━━━ Entries provided ━━━

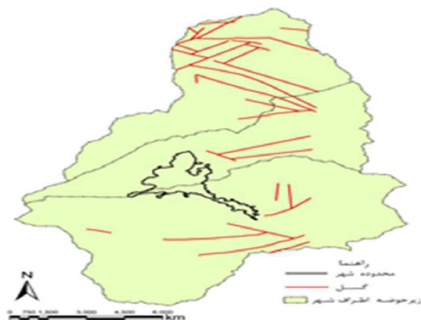
شکل ۳- زمین‌شناسی و گسل‌های حومه شهر تویسرکان

سه گسل اصلی با امتداد شمالی و جنوبی در جنوب شهر همدان در شرق کوه الوند وجود دارند. مهم‌ترین و طولانی‌ترین آنها (تقریباً به طول ۳۵ کیلومتر) از جنوب شهر همدان شروع می‌شود، به طرف جنوب تا کوه سنگ سفید در شرق شهر تویسرکان ادامه می‌یابد، سپس به گسل‌های فرعی کوه چشم دره در جنوب شهر تویسرکان می‌پیوندد. این گسل به نام کشین- علی آباد دمق معروف است.
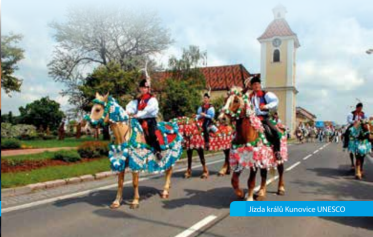
Jízda králů Kunovice UNESCO
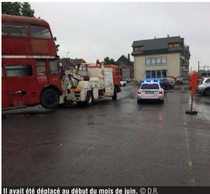
Il avait été déplacé au début du mois de juin.
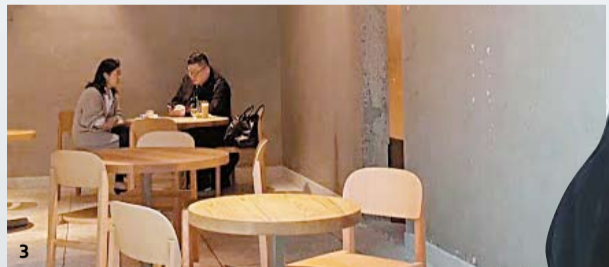
1 벨라 도노반 원두로 내린 드립커피를 들고 있는 블루보틀 창업자 제임스 프리먼. 2 드립 커피를 만들고 있는 바리스타들. 맛있는 커피를 만들기 위해 드리퍼를 MIT와 공동 제작했다. 3 블루보틀엔 노트북을 갖을 수 있는 전기 콘센트와 커피 와이파이조차 연결되지 않는다.
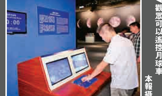
觀眾可以遙控月球車
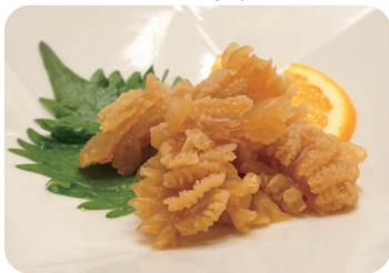
1 クラゲの和え物 Marinated jelly fish
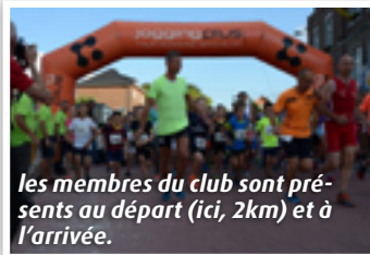
les membres du club sont présents au départ (ici, 2km) et à l'arrivée.

En tout, ce sont plus de 100 personnes qui travaillent au bon déroulement du jogging : installation des structures, signalisation, service bar, rangement et démontage, tous les membres du club, leur famille et de nombreux sympathisants y participent ! C'est ce grand nombre de bénévoles bien organisés qui permet d'accueillir les participants dans de bonnes conditions.
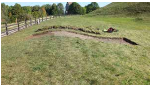
Väster om västhögen i Gamla Uppsala grävdes ett mindre schakt genom en vallformation.

– framväxten av ett mytiskt centrum”, där Upplandsmuseet är en samarbetspartner, fortsatte med en mindre undersökning. I år genomfördes undersökningar av en förmodad vallanläggning i västra delen av Högåsen samt av tidigare genom magnetometer indikerade rader med stolpfundament längs med östra sidan om denna.
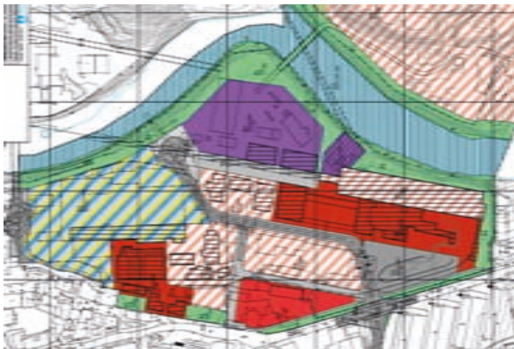
Utsnitt fra reguleringsplanen

og Industristadmuseum imot daværende miljøvernminister Helen Bjørnøys utfordring om å bli ett av 11 pilotprosjekter innenfor Riksantikvarens verdiskapingsprogram på kulturminnefeltet, og Oddaprosessen.no så dagens lys. Oddaprosessen ble i starten drevet parallelt med prosjektet Odda i utvikling .

━━━

- **Exercise**
Repeat the data word for word, excluding any image.

- **Finished exercise**
شکل ۳- زمین‌شناسی و گسل‌های حومه شهر تویسرکان

سه گسل اصلی با امتداد شمالی و جنوبی در جنوب شهر همدان در شرق کوه الوند وجود دارند. مهم‌ترین و طولانی‌ترین آنها (تقریباً به طول ۳۵ کیلومتر) از جنوب شهر همدان شروع می‌شود، به طرف جنوب تا کوه سنگ سفید در شرق شهر تویسرکان ادامه می‌یابد، سپس به گسل‌های فرعی کوه چشم دره در جنوب شهر تویسرکان می‌پیوندد. این گسل به نام کشین- علی آباد دمق معروف است.
Jízda králů Kunovice UNESCO
Il avait été déplacé au début du mois de juin.
1 벨라 도노반 원두로 내린 드립커피를 들고 있는 블루보틀 창업자 제임스 프리먼. 2 드립 커피를 만들고 있는 바리스타들. 맛있는 커피를 만들기 위해 드리퍼를 MIT와 공동 제작했다. 3 블루보틀엔 노트북을 갖을 수 있는 전기 콘센트와 커피 와이파이조차 연결되지 않는다.
觀眾可以遙控月球車
1 クラゲの和え物 Marinated jelly fish
les membres du club sont présents au départ (ici, 2km) et à l'arrivée.

En tout, ce sont plus de 100 personnes qui travaillent au bon déroulement du jogging : installation des structures, signalisation, service bar, rangement et démontage, tous les membres du club, leur famille et de nombreux sympathisants y participent ! C'est ce grand nombre de bénévoles bien organisés qui permet d'accueillir les participants dans de bonnes conditions.
Väster om västhögen i Gamla Uppsala grävdes ett mindre schakt genom en vallformation.

– framväxten av ett mytiskt centrum”, där Upplandsmuseet är en samarbetspartner, fortsatte med en mindre undersökning. I år genomfördes undersökningar av en förmodad vallanläggning i västra delen av Högåsen samt av tidigare genom magnetometer indikerade rader med stolpfundament längs med östra sidan om denna.
Utsnitt fra reguleringsplanen

og Industristadmuseum imot daværende miljøvernminister Helen Bjørnøys utfordring om å bli ett av 11 pilotprosjekter innenfor Riksantikvarens verdiskapingsprogram på kulturminnefeltet, og Oddaprosessen.no så dagens lys. Oddaprosessen ble i starten drevet parallelt med prosjektet Odda i utvikling .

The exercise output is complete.